Scraping Rental Yield Data Across Global Real Estate Markets

#python #programming #tutorial #webdev

Rental yield — the annual rent divided by property price — is the fundamental metric for real estate investing. Scraping this data across markets lets you compare investment opportunities globally.

Why Scrape Rental Yields?

Commercial real estate data costs thousands per year. Public property listings contain all the information needed to calculate yields. A well-built scraper gives you institutional-grade data for free.

Setup

pip install requests beautifulsoup4 pandas numpy

Scraping Property Listings

Here's a framework for collecting rental and sale prices from property portals:

# Implementation is proprietary (that IS the moat).
# Skip the build — use our ready-made Apify actor:
# see the CTA below for the link (fpr=yw6md3).

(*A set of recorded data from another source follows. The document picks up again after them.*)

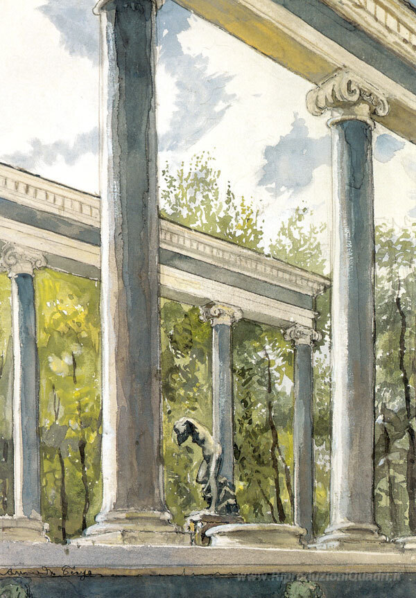 Ti offriamo una riproduzione artigianale su tela dell'opera famosa 'Peterhof Palace. Leone a cascata e colonnato' di Alexandre Benois, dal Museo delle Riproduzioni.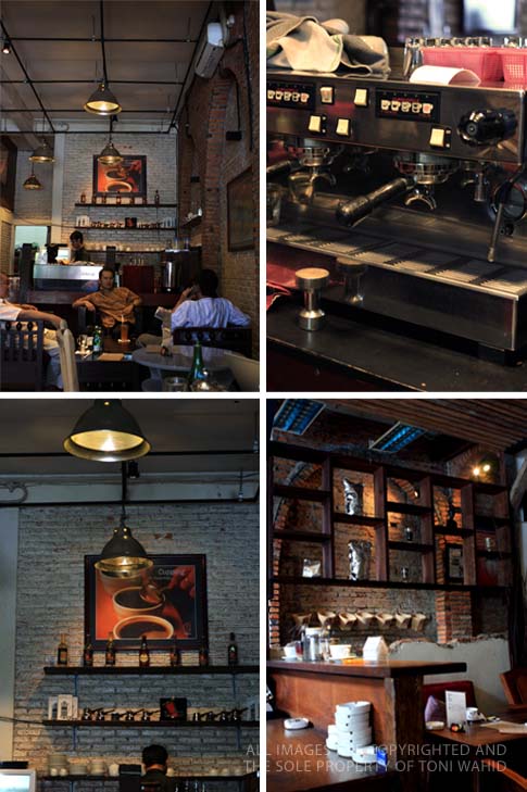 Ada dua hal yang membuat saya langsung terkesan saat pertama memasuki cafe ini. Pertama, konsep cafe dengan desain interior yang feel homy. Ruangan cafe yang lebarnya kira2 lima meter dihiasi dengan berbagai aksesoris unik seperti karung kopi, sofa bergaya retro, lantai berwarna natural, dan dinding tanpa plester. Satu hal menonjol, sebuah mesin untuk roasting kopi di letakan di sudut ruangan yang saya asumsikan dioperasikan agar pengunjung bisa melihat secara langsung proses “memasak” kopi.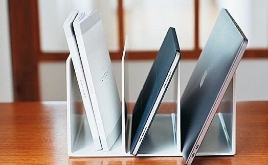 プラスチックの軽いブックスタンドと違い、ある程度の重い物もバランスよく収納OK。立てて収納したい物は、これ1つですっきり片づく!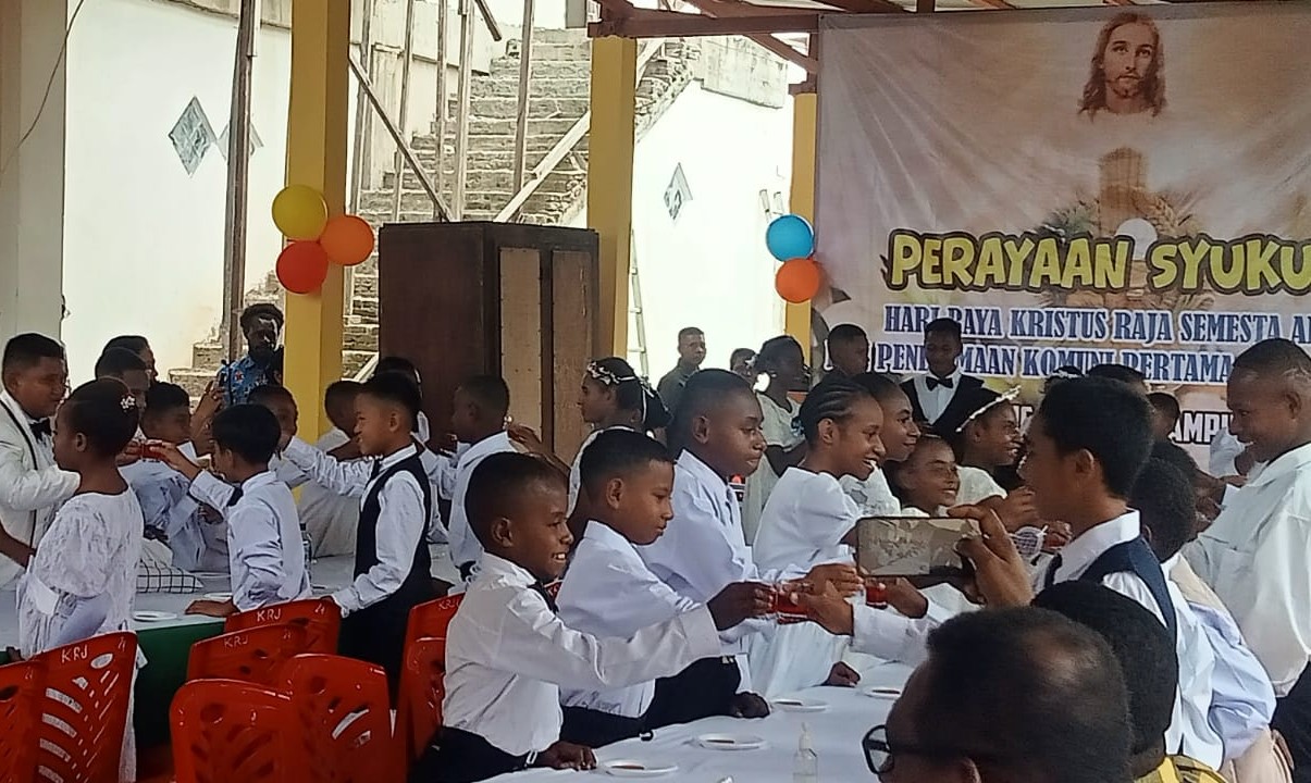 MERAUKE, Merauke, 23 November 2025 — Suasana penuh sukacita menyelimuti Paroki Sang Penebus Kampung Baru, Keuskupan Agung Merauke, saat 49 anak menerima Komuni Pertama bertepatan dengan Hari Raya Kristus Raja Semesta Alam. Perayaan Ekaristi dipimpin oleh Romo Christofel Feddy Andris MSC, yang menyampaikan terima kasih atas kesediaan anak-anak menerima Sakramen Mahakudus di hadapan umat. Ia menegaskan bahwa proses panjang telah dilalui: mulai dari pendaftaran melalui ketua lingkungan, pembinaan oleh guru agama, pengumuman di gereja, hingga pengakuan dosa bersama orang tua.
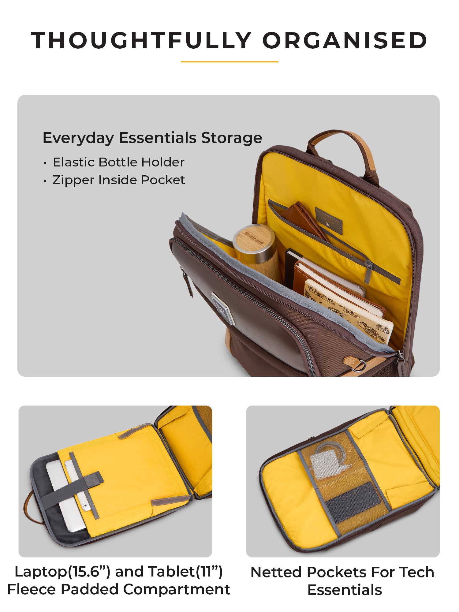 - Made from advanced bounce-back nylon fabric, this backpack retains its clean silhouette while offering excellent durability and water resistance. The thoughtfully designed interior includes a fleece-padded laptop compartment (15.6 inch), a separate tablet sleeve, and multiple tech-organising pockets to keep cables, chargers, notebooks, and essentials neatly arranged.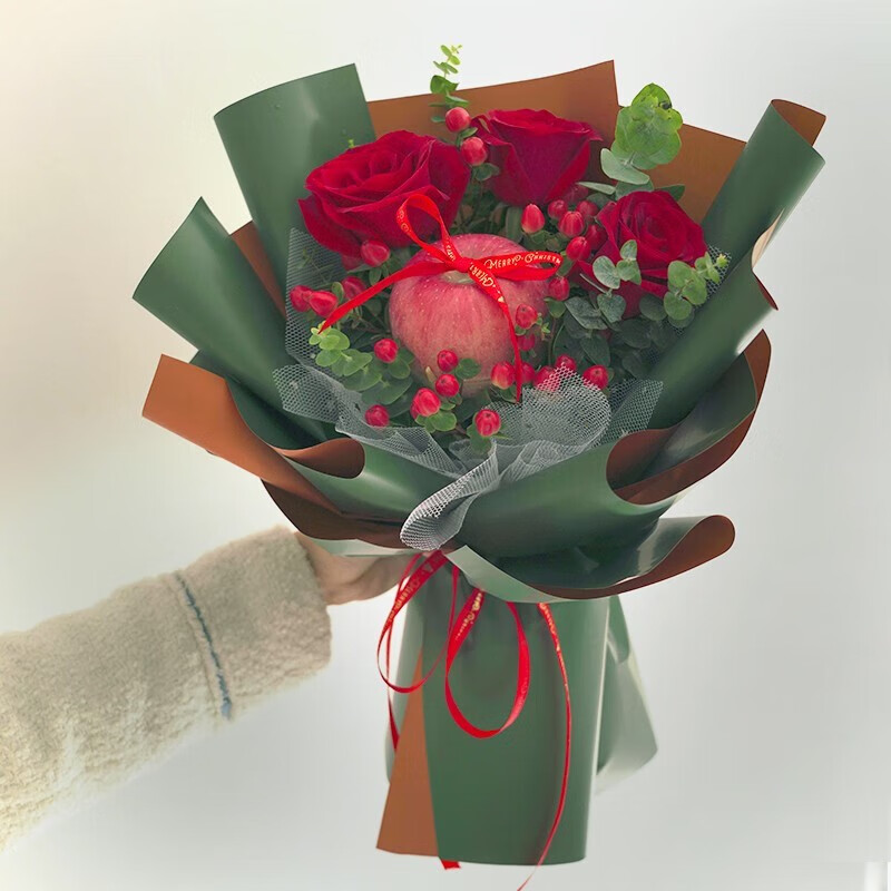 花材: 3朵红玫瑰,1颗苹果,搭配尤加利叶、红豆装饰。

Calculating Rental Yields by Neighborhood

def calculate_yields(cities):
    all_data = []

    for city in cities:
        rentals = scrape_property_listings(city, "rent")
        sales = scrape_property_listings(city, "sale")

        rent_df = pd.DataFrame(rentals)
        sale_df = pd.DataFrame(sales)

        # Average by neighborhood and bedrooms
        avg_rent = rent_df.groupby(["neighborhood", "bedrooms"])["price"].median()
        avg_sale = sale_df.groupby(["neighborhood", "bedrooms"])["price"].median()

        # Calculate yield
        for (neighborhood, beds), monthly_rent in avg_rent.items():
            if (neighborhood, beds) in avg_sale.index:
                sale_price = avg_sale[(neighborhood, beds)]
                annual_rent = monthly_rent * 12
                gross_yield = (annual_rent / sale_price) * 100

                all_data.append({
                    "city": city,
                    "neighborhood": neighborhood,
                    "bedrooms": beds,
                    "avg_monthly_rent": monthly_rent,
                    "avg_sale_price": sale_price,
                    "gross_yield_pct": round(gross_yield, 2)
                })

    return pd.DataFrame(all_data)

cities = ["london", "berlin", "lisbon", "dubai", "bangkok"]
yields = calculate_yields(cities)
print(yields.sort_values("gross_yield_pct", ascending=False).head(20))

Market Comparison Analysis

import numpy as np

def market_comparison(yields_df):
    summary = yields_df.groupby("city").agg({
        "gross_yield_pct": ["mean", "median", "std", "min", "max"],
        "avg_sale_price": "median",
        "avg_monthly_rent": "median"
    }).round(2)

    print("\nGlobal Rental Yield Comparison:")
    print("=" * 60)

    city_stats = yields_df.groupby("city")["gross_yield_pct"].agg(["mean", "std"])
    city_stats = city_stats.sort_values("mean", ascending=False)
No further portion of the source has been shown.